本発明は、ドラム缶・ペール缶等の有底筒型容器において、容器本体の胴筒に被せた蓋を締め付けて密閉するための締付バンド及びその締結具の製造方法に関する。
一般に、有底筒型容器の中で、例えばドラム缶は、本体の胴筒と、胴筒の上端開口に被せる蓋と、蓋を胴筒に締め付ける締付バンドを備え、輸送時、予め胴筒内に内容物を収納して後、蓋を被せて上端開口を塞いでから、蓋を締付バンドで胴筒に締め付けて密閉している。
従来、この種の締付バンドは、図17(A)・(B)に示すように、有端環状のバンド本体1と、バンド本体1の両端に取り付ける締結具2・3と、締結具2・3を締結するボルト4を備えている。一側の締結具2は、バンド本体1の外形状に合わせて断面円弧状に屈曲した固定板片2aと、固定板片2aに溶接などで固定したガイド筒2bとからなっている。他側の締結具3は、一側の締結具2と同様に断面円弧状に屈曲した固定板片3aと、固定板片3aに溶接などで固定した円筒状のナット3bとからなっている。この円筒ナット3bには、内周面にボルト4のねじ軸部4aの雄ねじ5に対応した雌ねじ6が螺設されている(特許文献1参照)。
従来、このように締結具3に円筒ナット3bを備える締付バンドを使ってドラム缶の蓋を胴筒に締め付ける場合は、蓋を被せた胴筒の上端外周縁にバンド本体1を嵌めて巻き付けてから、図17(B)に示すように、ボルト4のねじ軸部4aを締結具2のガイド筒2bに通して締結具3の円筒ナット3bに螺合し、ねじ軸部4aを円筒ナット3bに締め込んで両締結具2・3を締結するようになっている。
また、従来、他の締付バンドの中には、図18(A)・(B)に示すように、バンド本体1の端部に取り付ける締結具7・8が、それぞれ断面円弧状の固定板部7a・8aと、ボルト4を挿通する円筒部7b・8bとに一体に曲げ成形して構成した一体型のものがある。

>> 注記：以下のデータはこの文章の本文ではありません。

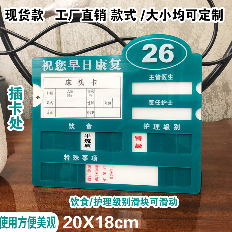 亚克力病房床头牌插卡医院医用病床护理级别指示标识老人院警示牌

従来、このように締結具が一体型の締付バンドを使ってドラム缶の蓋を胴筒に締め付ける場合は、同様に、蓋を被せた胴筒の上端外周縁にバンド本体1を巻き付けてから、図18(B)に示すように、ボルト4のねじ軸部4aを締結具7・8の円筒部7b・8bに挿通させてねじ軸部4a先端にナット9を螺合し、ナット9をねじ軸部4aに締め込んで両締結具7・8を締結するようになっている。(特許文献1参照)。
実開平6−65250号公報
ところが、従来の円筒ナットを用いる締付バンドでは、締結具2・3にそれぞれ別体のガイド筒2bと円筒ナット3bが必要であるため、それだけ部品点数が多くてコスト高を招くという課題があった。しかも、円筒体をそれぞれ固定板片2a・3a上に溶接するという面倒で比較的熟練を要する作業を伴うので、それだけ作業者に過大な負担を強いて組立作業性が悪いという課題があった。更に、円筒ナット3bには、内周面に切削加工により雌ねじ6を螺設するが、その場合、防錆のため後工程に、わざわざメッキ等の防錆処理を施す必要があり、それだけ加工性が悪く、コストも高くなるという課題があった。

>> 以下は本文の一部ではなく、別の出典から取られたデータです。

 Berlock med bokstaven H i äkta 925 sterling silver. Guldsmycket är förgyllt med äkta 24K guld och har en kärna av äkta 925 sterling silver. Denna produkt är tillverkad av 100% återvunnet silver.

他方、締結具が一体型の締付バンドでは、ボルト4のねじ軸部4aにナット9を締め込んで締結具7・8を締結するが、その際にボルト4側が空回りしないように、ボルト4の頭部をスパナ等で保持して廻り止めする必要があり、それだけ作業者に負担を強いて作業性が悪いという課題があった。そのため、市販品のボルトに代え、廻り止め部を有した特殊なボルトを使うことも考えられるが、そのような特殊ボルトは、特注品であるために高価で、コスト高を招くという課題があった。加えて、ボルト4のねじ軸部4aに締め込むナット9を使うため、ボルト先端にナット8が螺合する分だけねじ軸部4aの長いボルトが必要になり、その点においてもコスト高になるという課題があった。
本発明の目的は、上述した課題を解決すべく、組立作業性を良好にし、締結具の加工性を向上させる一方、全体に部品点数を少なくて廉価な容器の締付バンドを提供することにある。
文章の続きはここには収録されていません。